「中和法」で作った大量生産の石けんは、よくないの?
こんにちは。橋本です。
昔ながらの石けんの作り方。
「 窯焚き(かまだき)法 」、「 炊き込み(たきこみ)法 」といった石けんの製造方法では、原料に「油脂」を使います。
「油脂」というのは、カンタンにいえば、「動物や植物からとった油」ですね。
しかし、石けんの製造方法は、原料に「油脂」を使う方法ばかりではありません。
「脂肪酸」を使う製造方法もあります。そのひとつが、「中和法」です。
じつは、大量生産されるのに向いているのは、この「中和法」のほうなんですね。
ここでざっくりと、石けんの製造方法のひとつ、「中和法」の流れと、特徴をみていきたいと思います。
脂肪酸が原料
「中和法」に使う原料は、「脂肪酸」です。
まず最初に、「脂肪酸とは何ぞや」という話ですが。
脂肪酸は、食品、化粧品の成分にも、よく使われる原料です。
動物や植物からとれる油、「油脂」はもともと、「グリセリン」と「脂肪酸」が結びついている化合物です。
なので、中和法の原料に使う「脂肪酸」は、油脂を「脂肪酸」と「グリセリン」に分解、精製することでえられます。
実際には、「ヤシ油」「パーム油」「パーム核油」「牛脂」などに高温高圧、水を加えることで分解され、脂肪酸を取り出すことができます。
取り出される脂肪酸は、おもに
・ ラウリン酸
・ ミスチリン酸
・ パルミチン酸
・ ステアリン酸
・ オレイン酸
などがあります。
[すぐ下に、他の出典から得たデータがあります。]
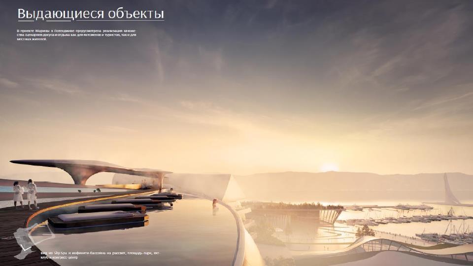 Особое внимание уделено созданию комфортной и интересной среды для отдыха. На территории марины появится отель с бассейном на крыше, а также уникальный водный театр – один из немногих в мире.
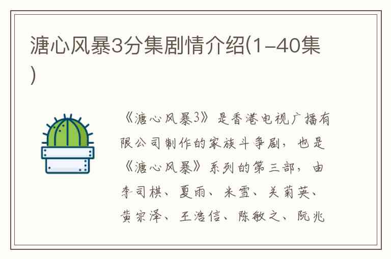 以下是《溏心风暴3》第1集至第40集的详细分集剧情介绍: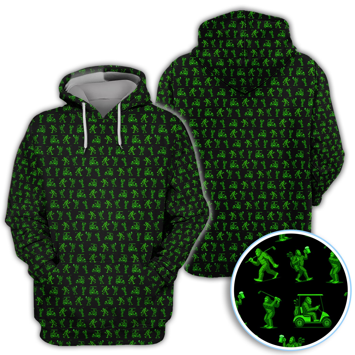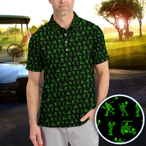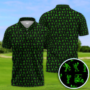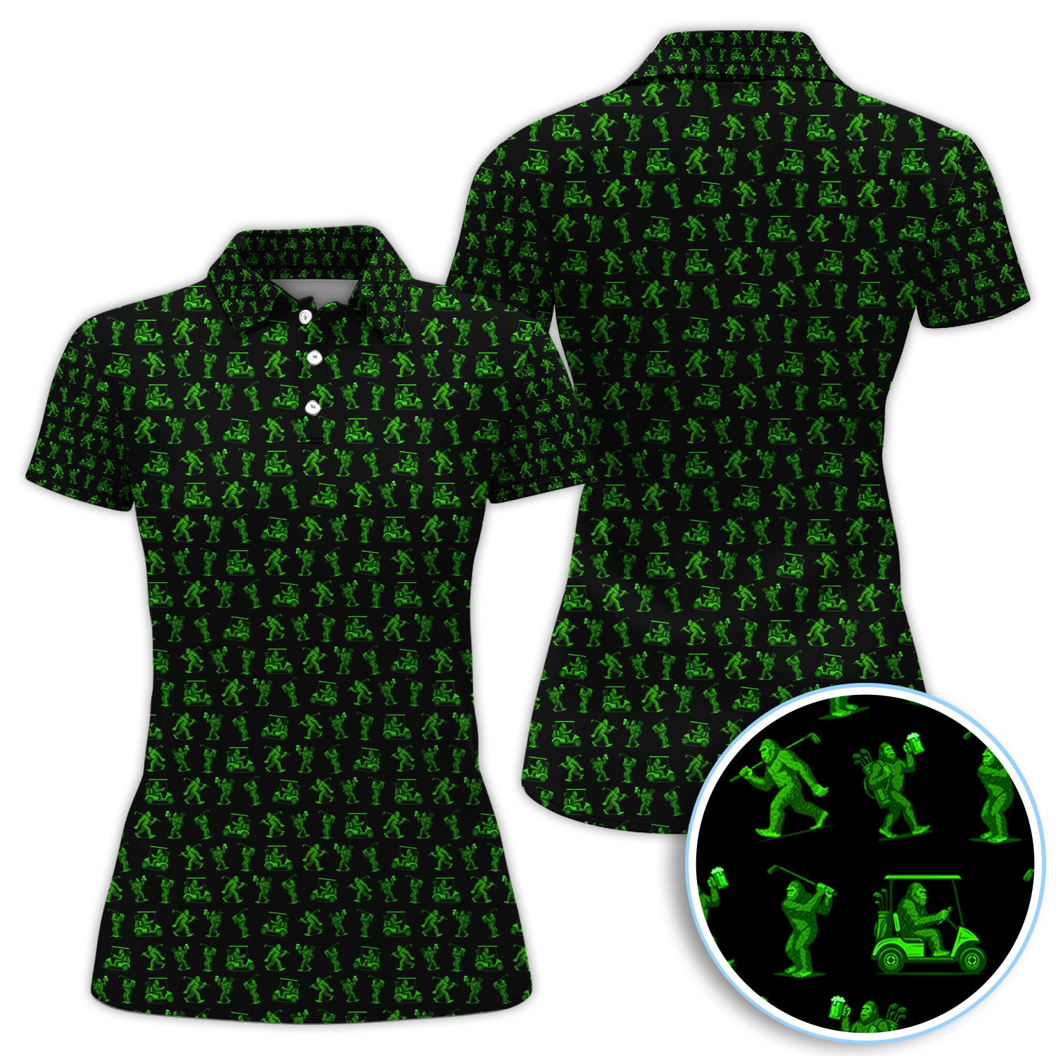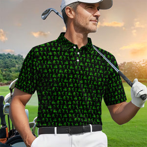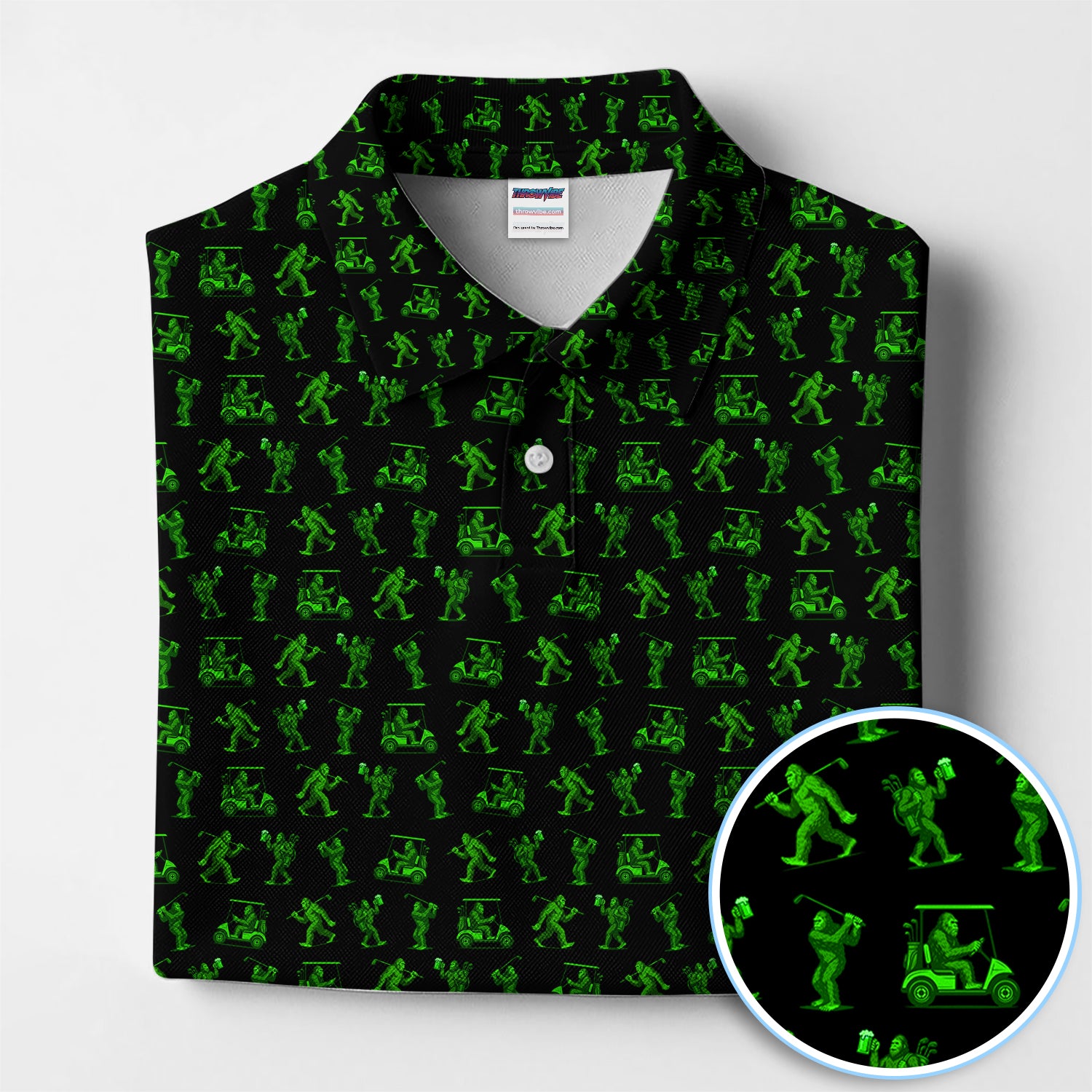 Bigfoot Golf Pattern Shirt, Funny Sasquatch Golf Polos For Men, Neon Green Golf Shirt For Golfer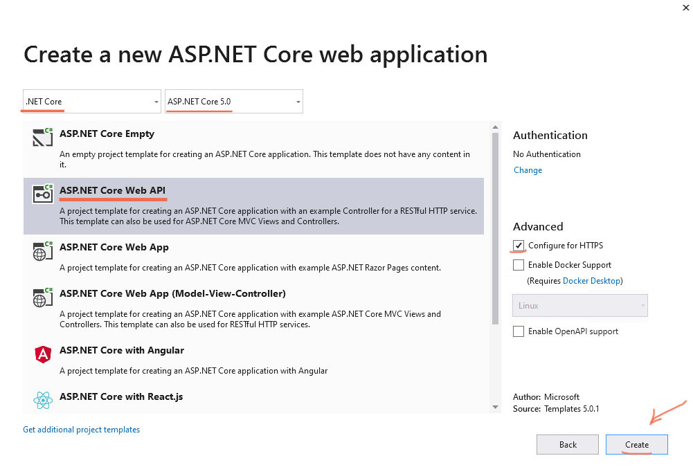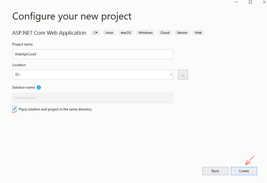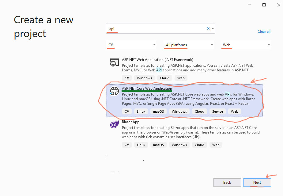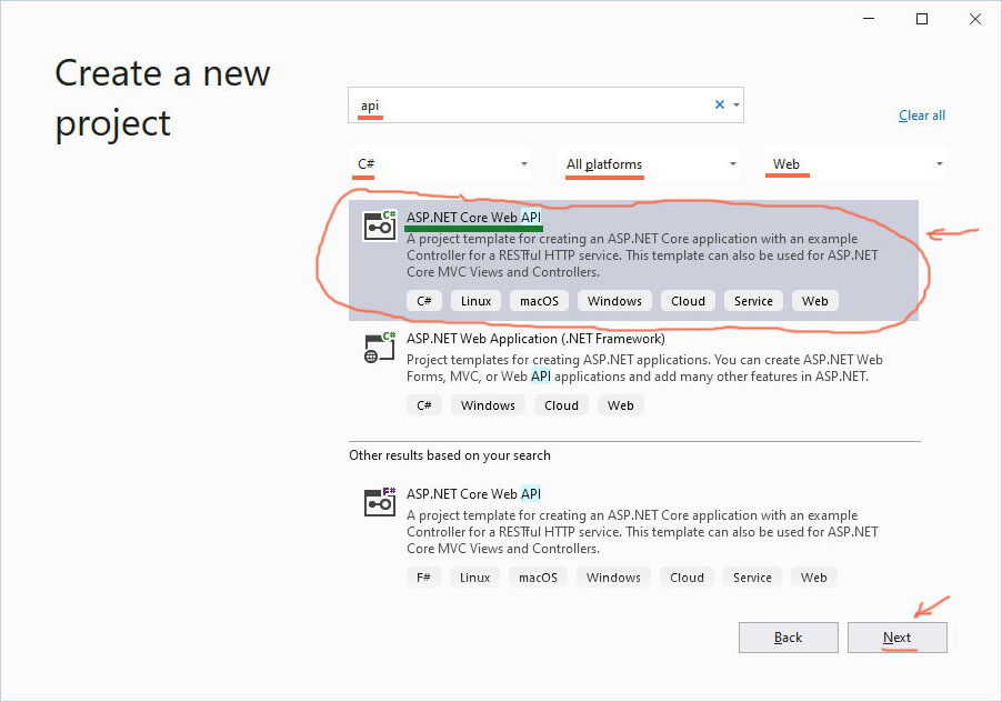 Create a new .NET Core Web API application on C#

なんとなく名前だけは、聞き覚えがあるかもしれませんね。
酸とアルカリを中和させる
脂肪酸(酸性)と水酸化ナトリウム(アルカリ性)を反応させる。
そうすると、石けんができます。
「酸」と「アルカリ」という正反対の性質のものを中和させて、石けんを作る。だから、中和法というネーミングなんですね。
石けんは、「脂肪酸ナトリム」ともよばれます。
原料の脂肪酸が、ラウリン酸なら、「ラウリン酸ナトリウム」。
ステアリン酸なら、「ステアリン酸ナトリウム」という具合ですね。
固形石けんでない場合は、アルカリに「水酸化カリウム」を使うこともあります。
ボディーソープに配合される石けん分も、この中和法が使われることがほとんど。
「ボディーソープは、合成界面活性剤だから肌によくない」
そう思っている人も多いですが、これは誤解です。
「ボディーソープ=合成界面活性剤」ではありません。
中和法で作った石けんを洗浄成分として、いわゆる合成界面活性剤を使っていない、というボディーソープも、じつは多いんですね。
できあがりの石けんの特徴を調節できる
一般的に、ラウリン酸ナトリウムは、泡立ちが良く、ステアリン酸ナトリウムは、泡立ちが弱いという傾向があります。
この性質を利用して、中和法で作られる石けんは、脂肪酸の組み合わせを工夫して、泡立ちや洗浄力、肌への刺激などを調節しています。
こういうことって、油脂から作る「窯焚き法」や「炊き込み法」では、なかなかできない調節なんですよね。
脂肪酸を自由に組み合わせることができる。
そのことで、できあがりの石けんの特徴を調節できるのは、中和法の大きなメリットです。
大量生産だから品質が悪いのか?
さらに中和法は、しっかり反応しきることができれば、純度99%以上など、純度の高い石けんを作ることができます。
逆に、中和しきれないと、石けんの純度は低くなり、アルカリが製品に残ってしまうと、肌を刺激してしまいます。
ここらへんのサジ加減は、メーカーにとってノウハウのいちばん重要なところで、できあがりの石けんの品質を大きく左右します。
そして、中和法は、原料の脂肪酸を精製できるところもメリットで、原料の段階で不純物を減らすことができます。
つまり、中和をしっかりコントロールできれば、窯焚き法で作られるような純度の高い、良質な石けんにせまることも可能です。
石けんの場合、「大量生産だから悪かろう」とも言い切れないわけなんですね。